Ryzen doesn’t have the same built-up market share. While it’s been widely assumed that next-generation consoles from Sony and Microsoft will use AMD CPUs, the CPU inside the Xbox and PS4 families is based on AMD’s low-power Jaguar mobile chip. Ryzen’s overall gaming performance has reached parity with Intel, but if you wanted to pick the CPU solution that represented the gold standard for gaming over the past decade, Intel wins that comparison. Developers are also more likely to be familiar with Intel microarchitectures. None of this is to say that Ryzen represents a poor choice for gaming — it doesn’t — but AMD has a distinct edge in the GPU space related to its overall gaming market share that it can’t leverage in CPUs.

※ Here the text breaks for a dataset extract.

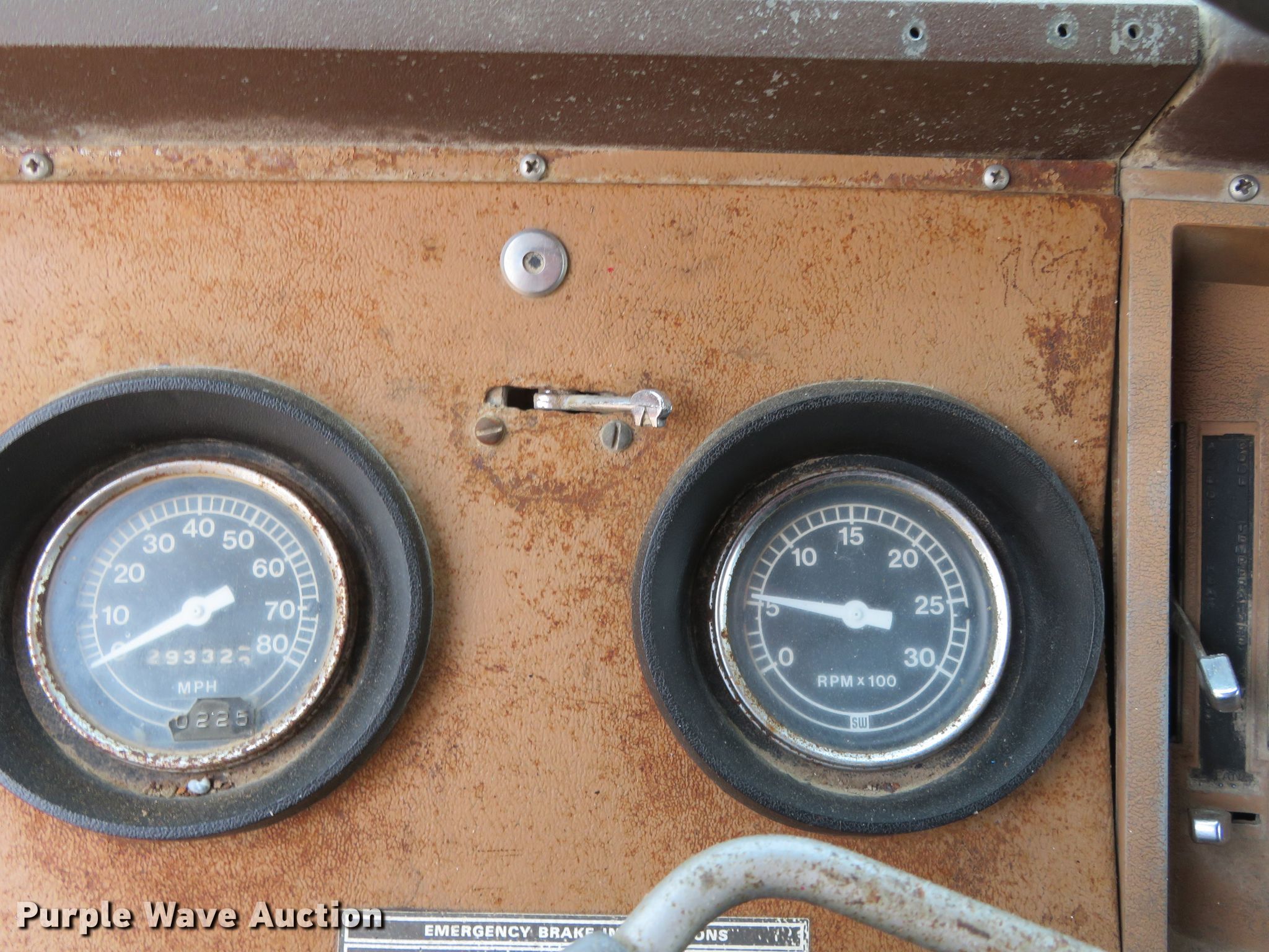 1977 Ford 900 dump truck. Miles: 29,332 on odometer, Miles: Unknown, VIN: U91TVY89511. Engine Detroit Diesel 8V71, Displacement: 9.3L, Cylinders: 8, Fuel type: Diesel. Transmission Manual, Speed: 13. Chassis Axles: Tandem, Differential lock: Inter-axle, Suspension: Spring over walking beam, Brakes: Air, PTO, GVWR: 44,800 lbs, Wheelbase: 186". Interior Heat. Features Dump bed 14' 11" L x 7' 10" W, Side height: 32", Side board height: 21", Bed type: Steel, Ram: Single , End gate: Manual. Tires Size: 10.00R20. Missouri title. Title distribution may be delayed up to 14 days from verification of funds. Foeste Masonry, Inc. 2525 Mo.177. Cape Girardeau, MO 63701

It’s not clear why Google played coy regarding its hardware partners at the initial Stadia launch. The company may have been finalizing partner details down to the wire, or be trying to avoid a discussion of specs and performance in favor of marketing the idea of Stadia as a service right now. Some tech companies prefer not to disclose their hardware specs at all. Both Apple and Microsoft refuse to name the model numbers of the CPUs they ship in their own hardware, as if obfuscating important information represents some kind of good. It’s also possible that Google intends to deploy both AMD and Intel hardware as it sees fit, and doesn’t want to deal with customers who think variance in performance is somehow related to whether they are using an “Intel” instance or an “AMD” instance for their game streaming.

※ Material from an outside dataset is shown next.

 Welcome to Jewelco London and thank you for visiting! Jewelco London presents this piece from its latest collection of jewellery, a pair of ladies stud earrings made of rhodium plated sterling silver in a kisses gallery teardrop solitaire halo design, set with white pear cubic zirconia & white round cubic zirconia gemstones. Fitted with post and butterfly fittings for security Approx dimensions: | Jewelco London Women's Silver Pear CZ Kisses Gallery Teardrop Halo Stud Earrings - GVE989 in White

Overall opinions on Stadia thus far have been mixed. There’s a chance it could boost gaming fidelity by allowing for multi-GPU configurations to be used in enterprise settings, where the heat and noise of stacks of cards would be a non-issue. All of this depends on Google being able to overcome issues with latency and irregular performance that have hampered other video game streaming services, however. There are also concerns about what we’d lose with Stadia — a game service that essentially locks all game code away, preventing modding and exploration, and with some significant implications for video game history preservation. Even if you firmly believe in streaming, it’s not clear that Google is going to be the company to break into this space when facing off against the likes of Sony, Microsoft, and Nvidia, all of whom have more direct experience in the space or build custom hardware to enable it.